Makes digital searching easier: If you have a tendency of keeping scanned papers or invoices on your computer, you should run them via OCR software first. This will not only allow you to alter the content but will also assist you in making the papers searchable.
Apart from having advantages OCR also has some major limitations like:
• OCR text works efficiently with printed text only and not with handwritten text, so it might lead to inaccuracy which is not desirable in finance.
• OCR solutions are highly efficient for good quality of data but if they are fed improper data then this might lead to inefficiency.
• All the documents have to be checked over carefully after processing and should be manually corrected if differences are found.
• OCR systems are not 100% accurate, there are likely to be some mistakes made during the method of data extraction and data processing.

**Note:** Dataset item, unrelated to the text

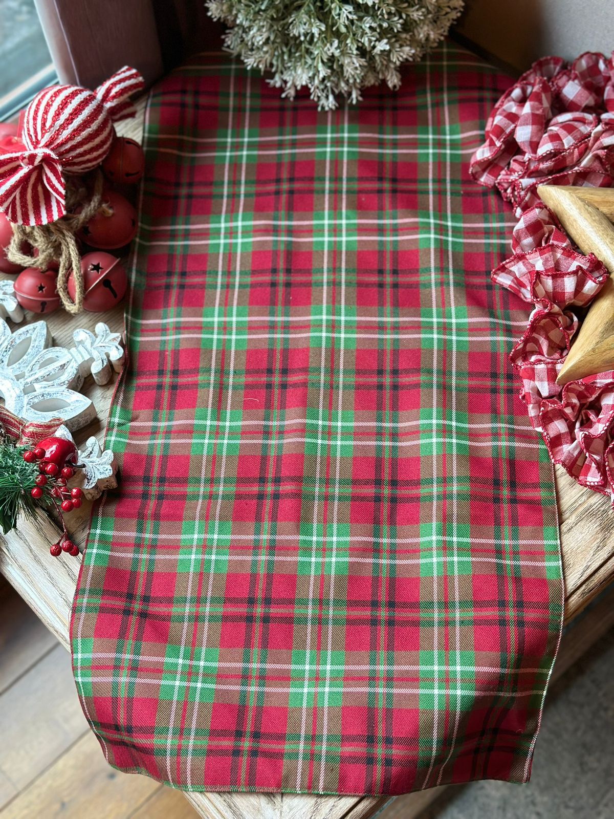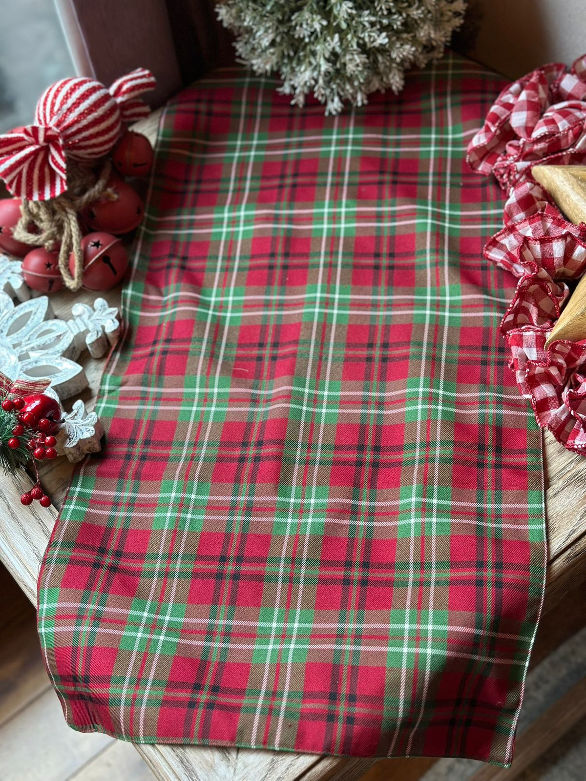 Camino cuadros rojo.
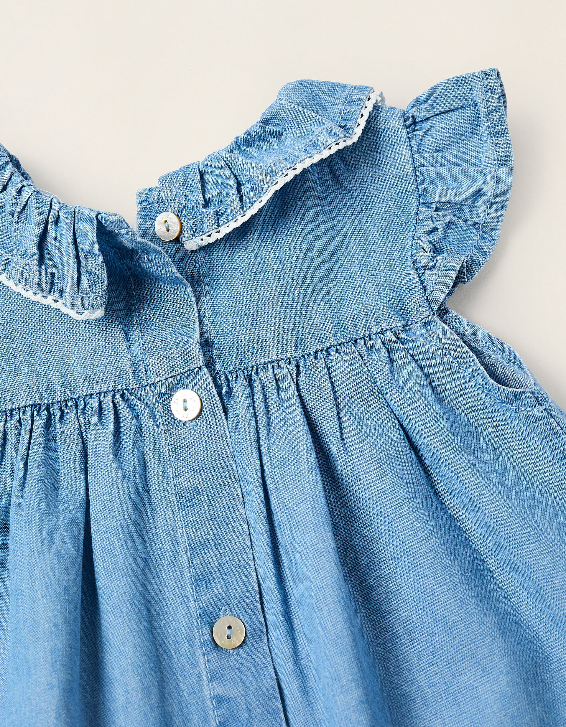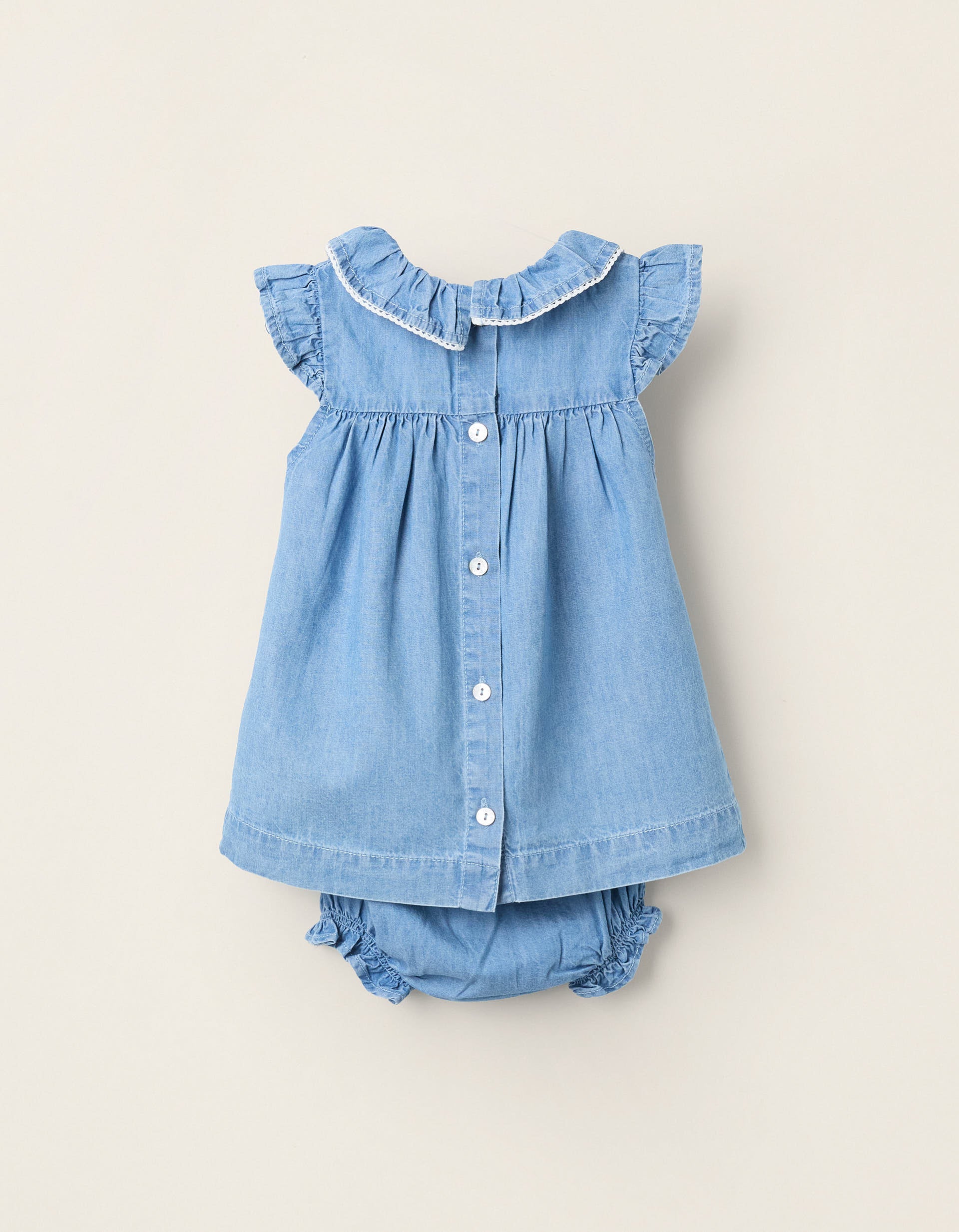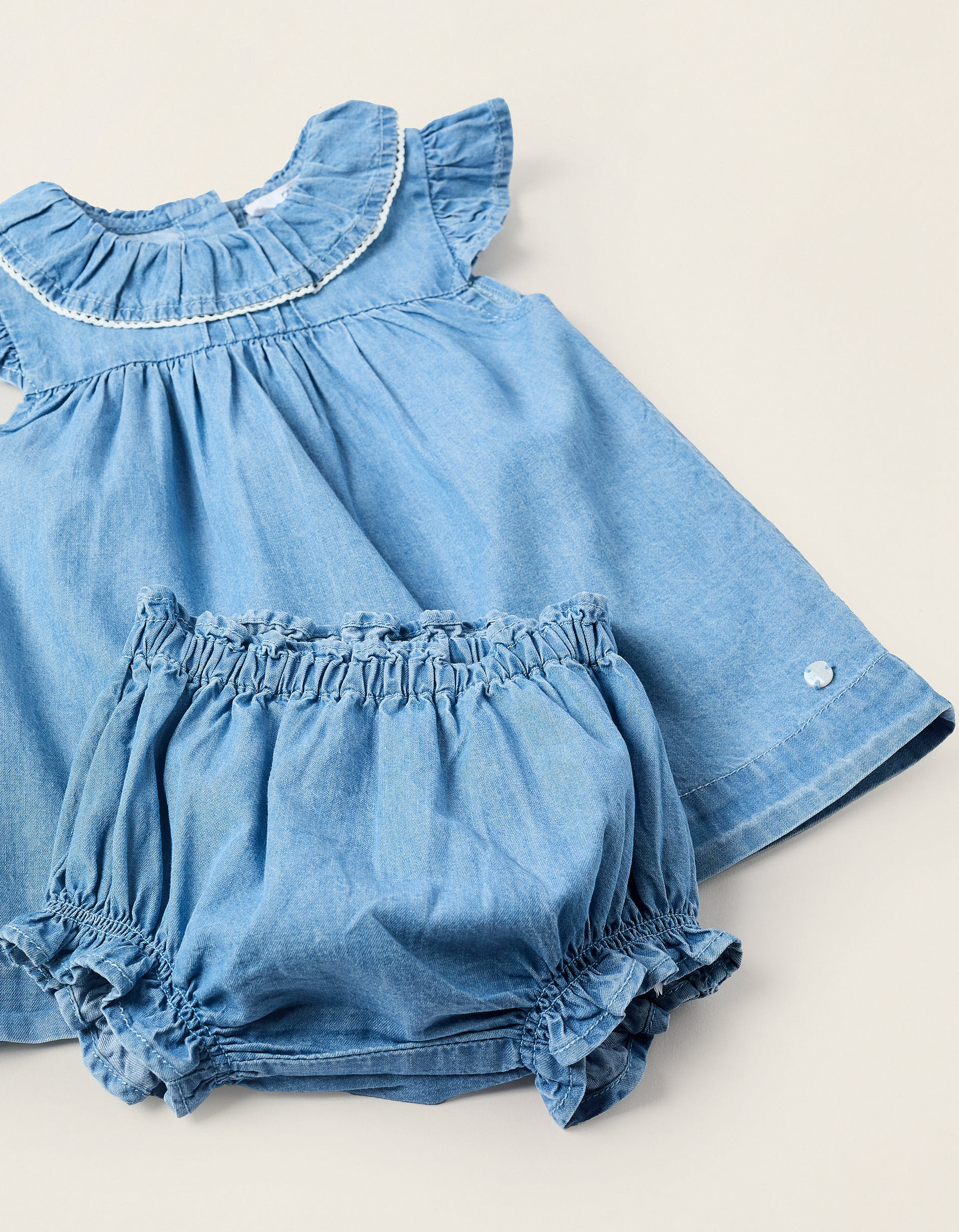 Dress + Bloomers in Denim with Ruffles for Newborn Girls, Blue

In today’s dynamic business world, filing and archiving official documents in the digital form makes it handy, and works wonders in the future or in unforeseen circumstances.
The traditional supply chain management approach relies heavily on manual work and is time-consuming, error-prone, and expensive. As documentation is an important part of the supply chain that consumes considerable efforts of enterprises in the supply chain workflow, it makes sense to automate the process with the help of intelligent document AI software.
Optical Character Recognition (OCR) is the technology to convert an image of text into machine-readable text. It is the underlying technology for various data extraction solutions including Intelligent Document Processing. However, OCR is not smart enough to figure out the context in a document - it works simply by distinguishing text pixels from the background and finding a pattern. This limitation could cause inaccuracy in captured data that could directly impact the output of your data extraction model.
Accounts payable is a key financial function for any business. Corporations can have thousands of suppliers; even for relatively smaller businesses, the number of suppliers could be in hundreds. All the invoices they receive from these suppliers come in multiple formats, layouts, and templates - some semi-structured, some unstructured. Therefore, firms expend time and resources to capture invoice information through manual data entry and verification of accounts payable. Manual data entry is not feasible in the long run, definitely not on a large scale. Before we talk about how intelligent invoicing solves the problems associated with manual invoicing, let’s discuss the challenges in much detail.